Sen. Andy Kim, D-N.J., echoed Booker during an interview with NBC. If Democrats do not supply the votes for continued federal funding — signaling their opposition to Trump’s unilateral budget cuts, staff firings and restructuring of federal agencies — it would be Trump and Republicans who would be responsible for the government shutdown, Kim said.
“I would be the last person to want to get to that stage,” Kim said of a possible government shutdown. “But we are at a point where we are basically on the cusp of a constitutional crisis.”
The two Democrats’ allusion to the government shutdown in March reflects the limited options that their party has in checking Republicans, who are in control of all levers of federal government. It also shows their willingness to use the March funding deadline as a bargaining tool to limit Trump’s sweeping action in tearing apart federal agencies funded and established by Congress.

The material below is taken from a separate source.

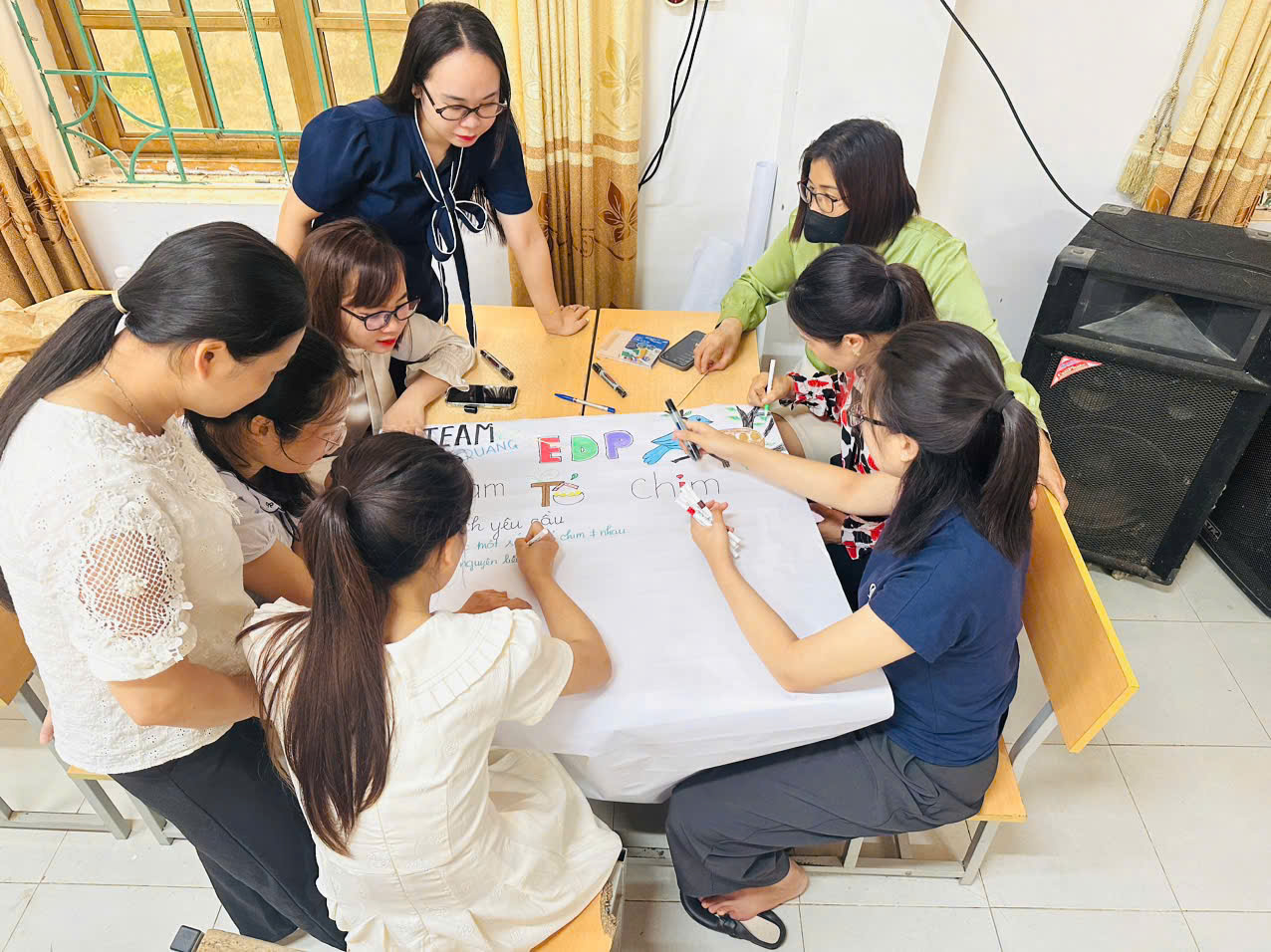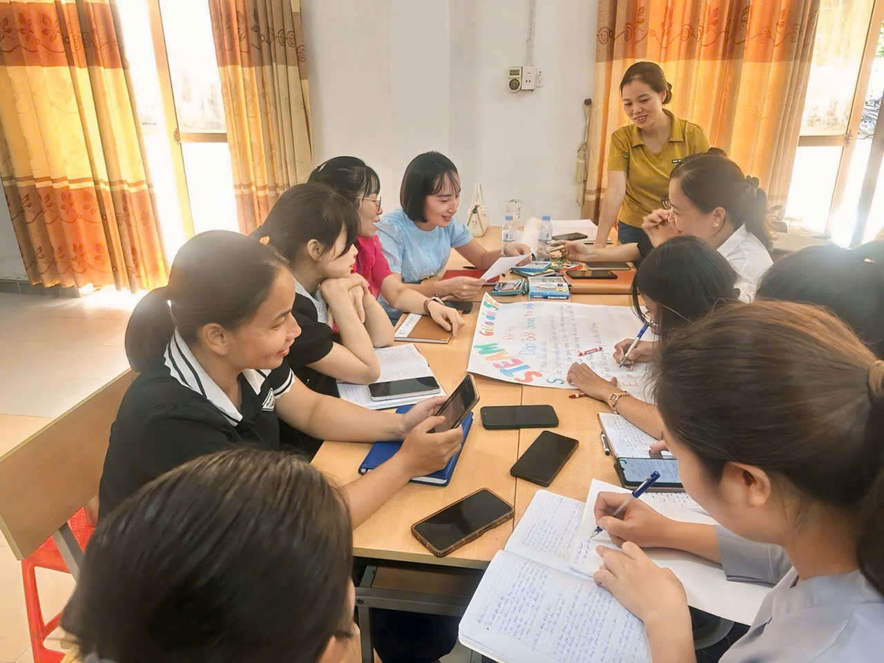 Các cô tham gia chia sẻ, thảo luận thiết kế giáo án theo phương pháp STEAM

In the past three weeks, Trump has tried to shutter the U.S. Agency for International Development; ordered the federal financial watchdog, Consumer Financial Protection Bureau, to cease “all supervision and examination activity”; tried to pause all federal loans and grants; suggested that the Federal Emergency Management Agency be shut down; and paused tens of billions of dollars in energy and environmental spending authorized by Congress.
Republicans in the House have a very slim majority. Speaker Mike Johnson cannot afford to lose more than three Republican votes to pass a spending package in March that reflects varying demands of his caucus.
During the last two years of the Biden administration, when Republicans controlled the House, dozens of right-wing members of the party who wanted deep cuts to government spending rebelled against Johnson and voted against keeping the federal government funded. Johnson had to work with Democrats in passing bipartisan spending bills that maintained funding at the levels of previous years.
Rep. Hakeem Jeffries, D-N.Y., the House minority leader, said last week that he was willing to work with Republicans in passing a similar bipartisan spending bill, but only if partisan measures for defunding certain agencies were “choked off” of that bill.
However, Johnson indicated on Sunday that he had no interest in pushing through a bipartisan bill. He said he would instead work toward a Republican spending package that all 218 members of his caucus could agree on.
“The reconciliation process which we are spending all the time on right now is by design effectively a partisan exercise,” Johnson said on Fox News. He was referring to the fast-track process for budget bills that would allow Republicans to avoid a Senate filibuster, which normally requires 60 votes to end.
Some members of the House Republican caucus are still skeptical that they can agree on a bill by March 14. Rep. Chip Roy, R-Texas, said Friday that chances were “pretty low” that the Republicans could agree on a spending package by the March deadline.